“Nasty Women” is a title which has become part of everyday parlance since Donald Trump called Hilary Clinton a nasty woman in the third presidential debate. It is a title many women have appropriated and use with pride.
This phrase
came to mind when I came across a BookRiot
article entitled “100 Must-Read Books with Unlikable Women”; this list features
women who “refuse to be boxed into the idea of what girls, women, mothers,
sisters, and girlfriends should be. They refuse to smile through their
problems, to not be a burden, to make the right decisions, to play nice. They
are human. They are hot messes. They have mental illnesses, are addicts, are
aggressive, violent, complicated, and flawed. They are many times products of
abuse and/or gaslighting. Sometimes they are killers. Sometimes they are just
unlikable.” See the list at http://bookriot.com/2017/03/20/100-must-read-unlikable-women/?utm_source=Sailthru&utm_medium=email&utm_campaign=Riot%20Rundown&utm_term=BookRiot_TheRiotRundown_Tue-Thur.
I’ve read
16 of these books.

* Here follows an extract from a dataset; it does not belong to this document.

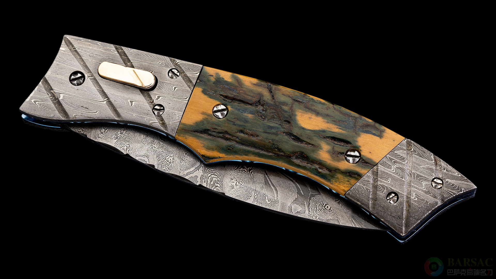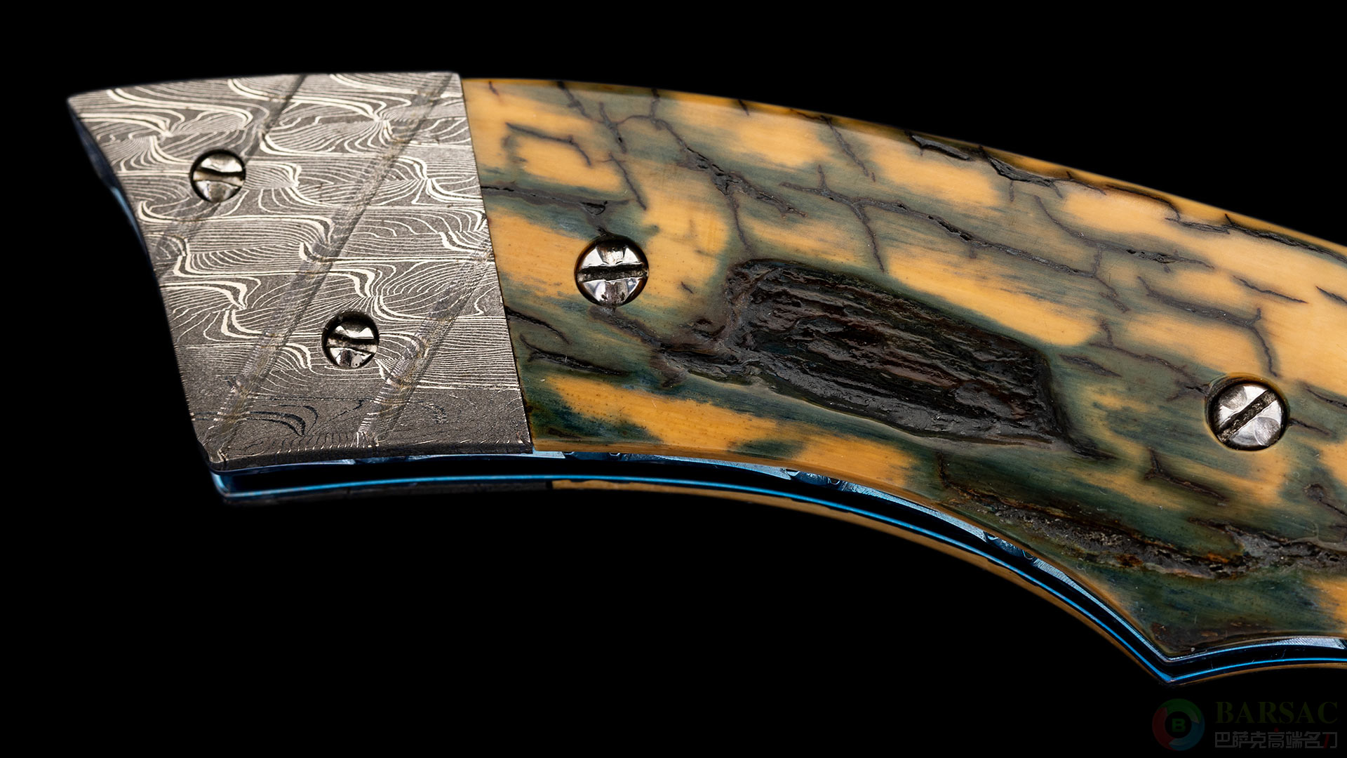 这件极地龙卷作品刀刃采用极为抢眼的水龙卷大马士革制成,花纹卷曲生动,细节精细,气魄十足。刀柄采用精美大马士革与猛犸牙化石贴片制成,开刀钮为黄金制成,大气尊贵。开刀迅猛有力,声响悦耳。

Here are my reviews
of nine of them:
The Girls by Emma Cline:
http://schatjesshelves.blogspot.ca/2017/03/review-of-girls-by-emma-cline.html
Dark Places by Gillian Flynn: http://schatjesshelves.blogspot.ca/2015/08/review-of-dark-places-by-gillian-flynn.html
Under the Midnight Sun by Keigo Higashino: http://schatjesshelves.blogspot.ca/2017/01/review-of-under-midnight-sun-by-keigo.html
Eileen by Ottessa Moshfegh: http://schatjesshelves.blogspot.ca/2016/07/review-of-eileen-by-ottessa-moshfegh.html
The Bell Jar by Sylvia Plath: http://schatjesshelves.blogspot.ca/2015/10/review-of-bell-jar-by-sylvia-plath.html
The Woman in Cabin 10 by Ruth Ware: http://schatjesshelves.blogspot.ca/2017/02/review-of-woman-in-cabin-10-by-ruth-ware.html
I’ve also
read Gone Girl and Sharp Objects by Gillian Flynn; The Woman Upstairs by Claire Messud; and
Where’d You Go, Bernadette by Maria
Semple. I read these four before I
started my blog so I will go through my archives and post them over the next
three days. (I also read Stieg Larsson’s
Millennium Trilogy but didn’t write reviews of any of the three books.)